→ Task description
Scan the records below for the string "avec" and return every line where it appears.

++++

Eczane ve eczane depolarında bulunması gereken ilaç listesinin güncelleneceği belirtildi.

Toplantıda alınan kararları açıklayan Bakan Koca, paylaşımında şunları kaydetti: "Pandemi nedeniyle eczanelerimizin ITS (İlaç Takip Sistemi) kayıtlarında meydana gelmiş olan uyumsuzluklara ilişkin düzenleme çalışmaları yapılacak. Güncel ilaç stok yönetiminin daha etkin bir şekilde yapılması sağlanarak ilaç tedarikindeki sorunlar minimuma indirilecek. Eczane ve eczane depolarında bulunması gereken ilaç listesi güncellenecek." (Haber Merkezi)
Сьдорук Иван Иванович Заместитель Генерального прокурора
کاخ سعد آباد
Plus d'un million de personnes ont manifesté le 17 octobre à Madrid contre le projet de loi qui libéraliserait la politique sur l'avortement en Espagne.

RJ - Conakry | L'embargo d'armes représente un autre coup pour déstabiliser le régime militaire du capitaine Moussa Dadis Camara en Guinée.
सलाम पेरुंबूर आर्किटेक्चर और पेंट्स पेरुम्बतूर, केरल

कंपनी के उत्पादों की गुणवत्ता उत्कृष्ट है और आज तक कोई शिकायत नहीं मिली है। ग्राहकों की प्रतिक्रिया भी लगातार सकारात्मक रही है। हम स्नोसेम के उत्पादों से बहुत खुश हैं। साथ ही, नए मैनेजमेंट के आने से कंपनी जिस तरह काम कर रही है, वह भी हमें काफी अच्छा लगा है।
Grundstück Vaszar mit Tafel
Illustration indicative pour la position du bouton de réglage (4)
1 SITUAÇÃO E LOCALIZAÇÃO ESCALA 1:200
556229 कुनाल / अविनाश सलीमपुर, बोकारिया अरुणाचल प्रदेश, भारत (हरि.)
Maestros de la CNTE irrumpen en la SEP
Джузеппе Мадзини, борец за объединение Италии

++++

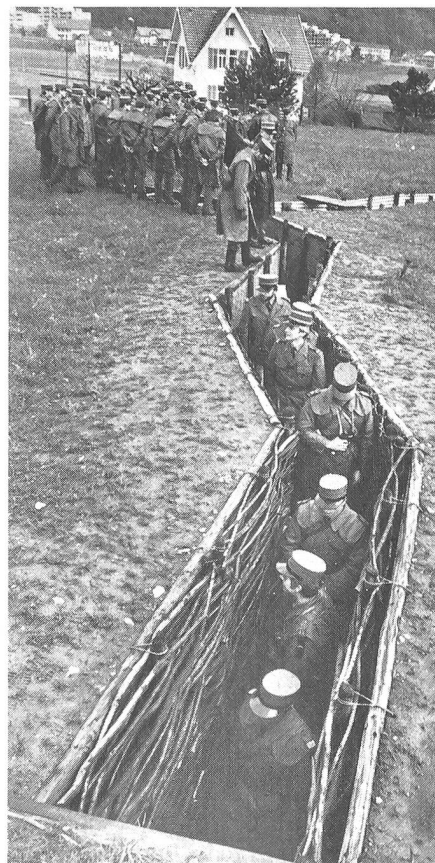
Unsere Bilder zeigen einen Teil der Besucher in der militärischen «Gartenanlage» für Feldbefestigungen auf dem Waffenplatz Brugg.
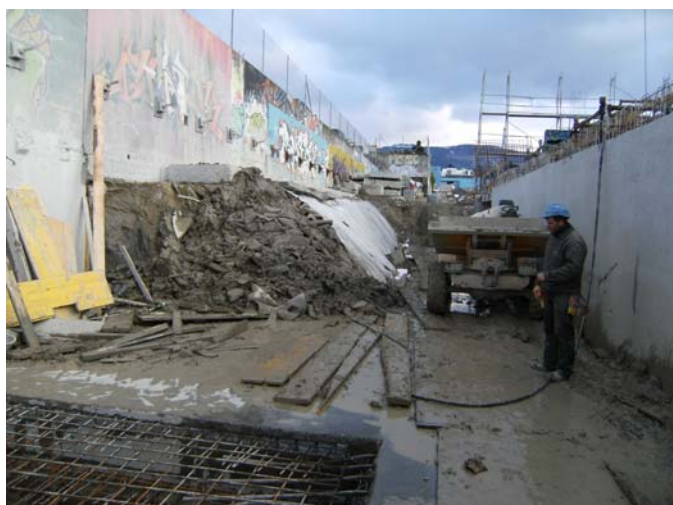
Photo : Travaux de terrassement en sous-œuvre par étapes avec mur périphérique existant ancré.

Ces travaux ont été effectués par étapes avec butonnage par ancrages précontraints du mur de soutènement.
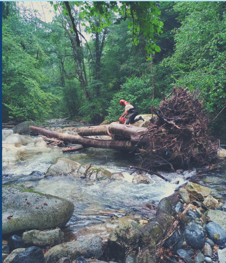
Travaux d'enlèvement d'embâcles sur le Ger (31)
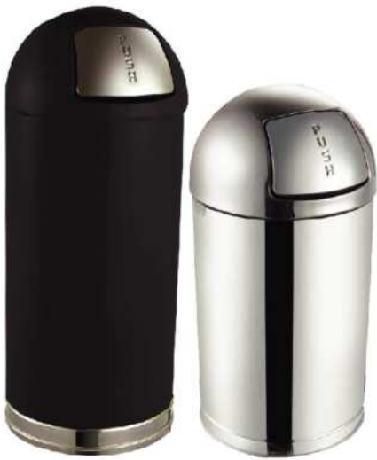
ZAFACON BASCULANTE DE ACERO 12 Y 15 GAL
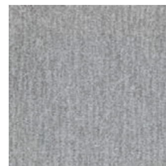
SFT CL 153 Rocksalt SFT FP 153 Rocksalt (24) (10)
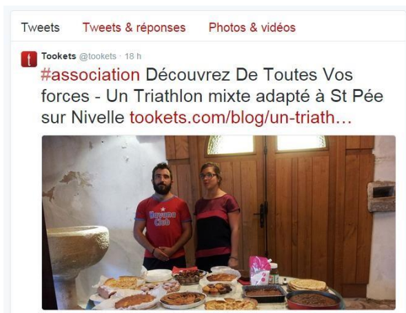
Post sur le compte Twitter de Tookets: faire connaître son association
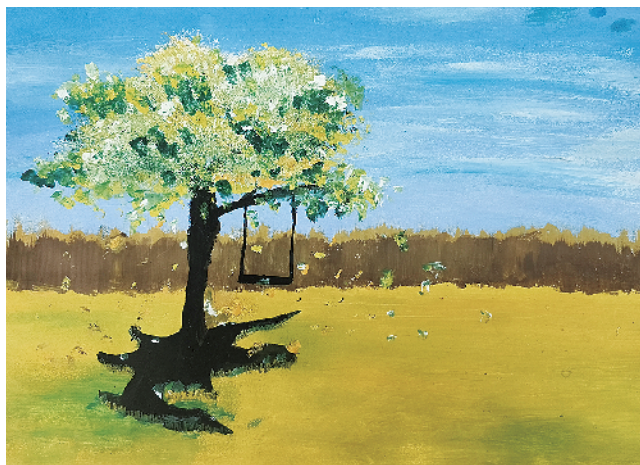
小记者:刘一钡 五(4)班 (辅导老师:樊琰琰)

++++

→ Result
Photo : Travaux de terrassement en sous-œuvre par étapes avec mur périphérique existant ancré.
Ces travaux ont été effectués par étapes avec butonnage par ancrages précontraints du mur de soutènement.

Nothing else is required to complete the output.